Jaishree Vasudevan*, Gopireddy Murali Mohan Reddy**, Antony Jenifer*, Thayumanavan S*, Uma Devi*, Rathinasamy M*
*Department of Pediatrics and **Department of Community Medicine, Chettinad Hospital and Research Institute, Chennai, Tamil Nadu, India.
Aim: To determine the prevalence and clinical, socio-economic and demographic factors determining hypovitaminosis D in children aged 6 months and 18 years.
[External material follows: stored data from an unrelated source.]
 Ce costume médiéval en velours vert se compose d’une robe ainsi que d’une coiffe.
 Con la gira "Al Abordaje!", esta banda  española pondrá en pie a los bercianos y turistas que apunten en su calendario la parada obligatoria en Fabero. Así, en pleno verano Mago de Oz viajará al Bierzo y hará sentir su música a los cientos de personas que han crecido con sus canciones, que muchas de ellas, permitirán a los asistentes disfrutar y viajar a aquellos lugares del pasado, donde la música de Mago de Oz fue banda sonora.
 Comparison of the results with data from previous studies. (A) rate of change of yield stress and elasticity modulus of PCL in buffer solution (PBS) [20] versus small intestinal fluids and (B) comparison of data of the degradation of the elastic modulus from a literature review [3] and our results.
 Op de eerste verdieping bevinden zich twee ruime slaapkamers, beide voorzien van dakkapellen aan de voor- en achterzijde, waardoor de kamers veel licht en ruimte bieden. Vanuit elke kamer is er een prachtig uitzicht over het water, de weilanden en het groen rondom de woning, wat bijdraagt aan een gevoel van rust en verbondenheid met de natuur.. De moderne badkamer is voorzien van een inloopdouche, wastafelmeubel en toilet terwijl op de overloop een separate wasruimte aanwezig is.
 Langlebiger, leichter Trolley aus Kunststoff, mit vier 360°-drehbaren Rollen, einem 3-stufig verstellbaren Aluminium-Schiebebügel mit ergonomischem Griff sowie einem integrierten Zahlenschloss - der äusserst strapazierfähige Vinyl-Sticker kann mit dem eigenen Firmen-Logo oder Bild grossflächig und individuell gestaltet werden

Material and methods: Hospital based Cross-sectional study, conducted in pediatric outpatient department (OPD) of a tertiary care hospital. A sample of 230 children between 6 months and 18 years attending OPD, who met the inclusion criteria were included in the study by systematic random sampling. The relevant socio-demographic, clinical, and biochemical parameters (including serum calcium, phosphorus, alkaline phosphatase and 25 hydroxy Vitamin D3 levels) of the study population were assessed using standardized questionnaire and laboratory investigations.
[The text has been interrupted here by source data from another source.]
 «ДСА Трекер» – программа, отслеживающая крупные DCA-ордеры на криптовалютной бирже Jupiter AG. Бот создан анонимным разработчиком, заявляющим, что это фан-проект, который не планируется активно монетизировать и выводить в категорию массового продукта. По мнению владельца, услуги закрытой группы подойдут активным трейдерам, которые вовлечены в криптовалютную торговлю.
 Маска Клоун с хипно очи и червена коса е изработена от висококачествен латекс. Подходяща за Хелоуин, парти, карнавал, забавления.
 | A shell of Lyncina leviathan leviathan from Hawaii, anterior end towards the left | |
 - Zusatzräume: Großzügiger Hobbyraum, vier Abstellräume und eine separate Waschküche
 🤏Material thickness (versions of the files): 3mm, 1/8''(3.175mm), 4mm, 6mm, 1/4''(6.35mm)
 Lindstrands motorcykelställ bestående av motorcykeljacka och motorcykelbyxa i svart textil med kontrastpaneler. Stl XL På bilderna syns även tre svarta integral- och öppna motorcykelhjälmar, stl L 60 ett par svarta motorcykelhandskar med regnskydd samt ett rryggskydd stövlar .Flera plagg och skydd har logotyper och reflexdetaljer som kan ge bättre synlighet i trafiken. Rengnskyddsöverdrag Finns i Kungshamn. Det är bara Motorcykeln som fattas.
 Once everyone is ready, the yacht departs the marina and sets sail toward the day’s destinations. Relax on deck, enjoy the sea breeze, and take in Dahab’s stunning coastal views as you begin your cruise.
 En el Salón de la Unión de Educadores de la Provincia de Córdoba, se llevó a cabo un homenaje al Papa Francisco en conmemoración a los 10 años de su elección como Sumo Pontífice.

Results:The prevalence of hypovitaminosis D was 62.2%. However, only 7(3%) had overt rickets.The odds ratio of hypovitaminosis D were 1.3(95% CI 0.7-2.4), 1.8 (95% CI 0.8-4)and 5.3(95% CI 0.6-44.3) times higher in 5 to 9 years, 10 to 14 years and above 15 years respectively, compared with children below 5 years. Female children were 1.9 (95% CI 1.3 to 4.0) times more at risk of having vitamin D deficiencywhen compared to males. The odds of hypovitaminosis D were 1.8 (95% CI 0.8 to 3.8, p-value 0.12), 4.2 (95% CI 2.1 to 8.5, p-value< 0.01), and 6.9 (95% CI 2.3 to 20.5, p-value< 0.05) times more in lower middle, upper middle and upper socio economic groups respectively when compared with lower socio economic status children.The odds of hypovitaminosis D were 1.3 (95% CI 0.2 to 7.7, p-value 0.74), 2.6 (95% CI 0.9 to 7.5, p-value 0.07), and 6.3 (95% CI 1.5 to 25.4, p-value 0.01) times more children with mother’s educated up to primary school, graduation and post graduation when compared to children of illiterate mothers.
Conclusion: The prevalence of hypovitaminosis D was very high in Indian children. Female sex, higher socio economic status, higher educational status of the mother were the factors with strong positive association with hypovitaminosis D.